- Battle of Selby: Part of First English Civil War
| Date | 11 April 1644 |
| Location | Selby, North Yorkshire, England53°46′54.4″N 1°4′13.1″W﻿ / ﻿53.781778°N 1.070306°W |
| Result | Parliamentarian victory |

Belligerents
- Royalists: Parliamentarians

Commanders and leaders
- Colonel John Belasyse: Lord Fairfax Sir Thomas Fairfax Colonel John Lambert Sir John Meldrum

Strength
- c. 2,000-3,000: 1,500 cavalry 1,800 infantry

Casualties and losses
- 1,600 captives: Unknown

= Battle of Selby =

1644 battle of the First English Civil War

The Battle of Selby occurred on 11 April 1644 in North Yorkshire during the First English Civil War. In the battle, the Parliamentarians led by Lord Fairfax attacked and captured the strategic Royalist garrison of Selby under the command of John Belasyse.

==Background==
In January 1644, Belasyse, the Governor of York, was the commander of Royalist forces in Yorkshire. Belasyse's responsibilities included providing for the transport of men and materials in Yorkshire and protecting against incursions by the Parliamentarians. During the winter of 1644, the Parliamentarians conducted numerous raids into Yorkshire, raiding as far north as Whitby in East Riding and Bradford in West Riding.

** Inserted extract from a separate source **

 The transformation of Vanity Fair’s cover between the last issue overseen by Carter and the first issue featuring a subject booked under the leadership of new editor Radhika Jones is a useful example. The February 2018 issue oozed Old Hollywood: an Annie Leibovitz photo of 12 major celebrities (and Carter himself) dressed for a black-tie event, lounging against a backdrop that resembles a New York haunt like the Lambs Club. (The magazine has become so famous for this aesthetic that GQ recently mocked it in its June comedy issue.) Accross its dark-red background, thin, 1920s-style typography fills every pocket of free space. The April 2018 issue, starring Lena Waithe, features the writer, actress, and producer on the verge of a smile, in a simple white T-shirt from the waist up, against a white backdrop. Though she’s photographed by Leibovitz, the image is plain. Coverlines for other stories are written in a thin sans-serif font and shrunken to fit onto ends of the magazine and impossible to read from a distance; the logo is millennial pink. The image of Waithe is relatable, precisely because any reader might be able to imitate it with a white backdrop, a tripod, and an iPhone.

In response to the Parliamentarian raids, Belasyse relocated his headquarters from York to Selby in an attempt to better guard the southern approach to York. In March, Belasyse's forces were temporarily reinforced with Royalist cavalry from Newark commanded by Major-General George Porter. On 25 March, Belasyse and Porter went on the offensive and attacked the Parliamentarian garrison at Bradford. The attack ended in failure when Porter's cavalry was routed in battle. Both Belasyse and Porter returned to their respective garrisons after the battle.

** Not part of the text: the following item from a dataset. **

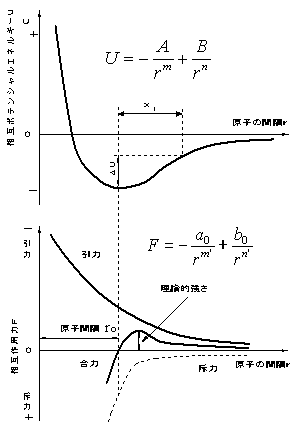 - Morse curve)と言われている。 結晶性物質において、加えられた外力が作用して、一次結合(イオン、共有、金属結合のいずれの場合も)の復元力が生ずることを図1の原子間距離と相互作用力の関係曲線は示している。 |

Sensing an opportunity to catch the Royalists at a weak point, the Parliamentarians assembled an army and planned an assault on Selby as the first step of a push toward York. Lord Fairfax brought a contingent from Hull joining with his son, Sir Thomas Fairfax, who came from Cheshire with his cavalry and a number of Lancashire infantrymen. In addition, the Fairfaxes were joined by Colonel John Lambert from the garrison at Bradford and Sir John Meldrum from the Midlands Association. Combined altogether, the Parliamentarians fielded a force of approximately 1,500 horse and 1,800 foot.

==Battle==
On 11 April 1644, the Parliamentarian army of Lord Fairfax reached Selby. The town of Selby was unfortified, but surrounded by water obstacles including flooded fields and the River Ouse. Because of the water, there were only four roads leading into the town and on each of the roads, the Royalists had erected and manned barricades.

To attack the town, Lord Fairfax split his forces into three separate units, sending the infantry regiments down three of the roads simultaneously to attack the barriers. After the barriers were overtaken by the infantry, the Parliamentarian plan was to follow with their cavalry. Lord Fairfax commanded a regiment in the attack of Ousegate, Sir John Meldrum led a second regiment in the attack down Gowthorpe Lane, and Colonel Needham led a third regiment down Brayton Lane. Sir Fairfax stood at the ready with the Parliamentarian cavalry.

The advance of the Parliamentarians toward the barriers was met by the musket fire of the Royalist defenders. The Parliamentarians continued to advance along all three fronts of a battle that came to have a number of attacks and counter-attacks. After more than an hour, the Royalists began to abandon the barriers and retire back toward the town. The retreat was successful at the outset as the Royalist cavalry protected their infantry and prevented the Parliamentarians from advancing beyond the barriers. At that point, however, Sir Thomas Fairfax and the Parliamentarian cavalry joined the fray.

Upon entering the field, Sir Thomas Fairfax and his cavalry quickly began to dominate the field. The Royalists cavalry attempted to counter-attack but were beaten back and soon took to flight across the river on a bridge of boats. The Royalist commander, Belasyse, continued to fight attempting to rally his men against the Parliamentarians, but ultimately, he was unhorsed and taken prisoner. By that time, the Parliamentarian infantry had advanced into Selby from three directions surrounding the Royalists. With no route of escape and their commander captured, the Royalists capitulated. A few Royalists were able to escape on their mounts, but the remainder of the garrison, approximately 1,600 men, were taken as captives along with a large amount of arms and ammunition.

==Aftermath==
The loss of Selby was a disaster for the Royalists in northern England. York was only 20 kilometres north of Selby and was weakly defended with only two Royalist regiments. The Marquess of Newcastle who had been in County Durham defending against the Parliamentarian's Scottish allies was forced to return to York to help with its defence. Eleven days after the fall of Selby, the Parliamentarians began the siege of York which eventually led to the disastrous Royalist defeat at the Battle of Marston Moor and the complete loss of northern England.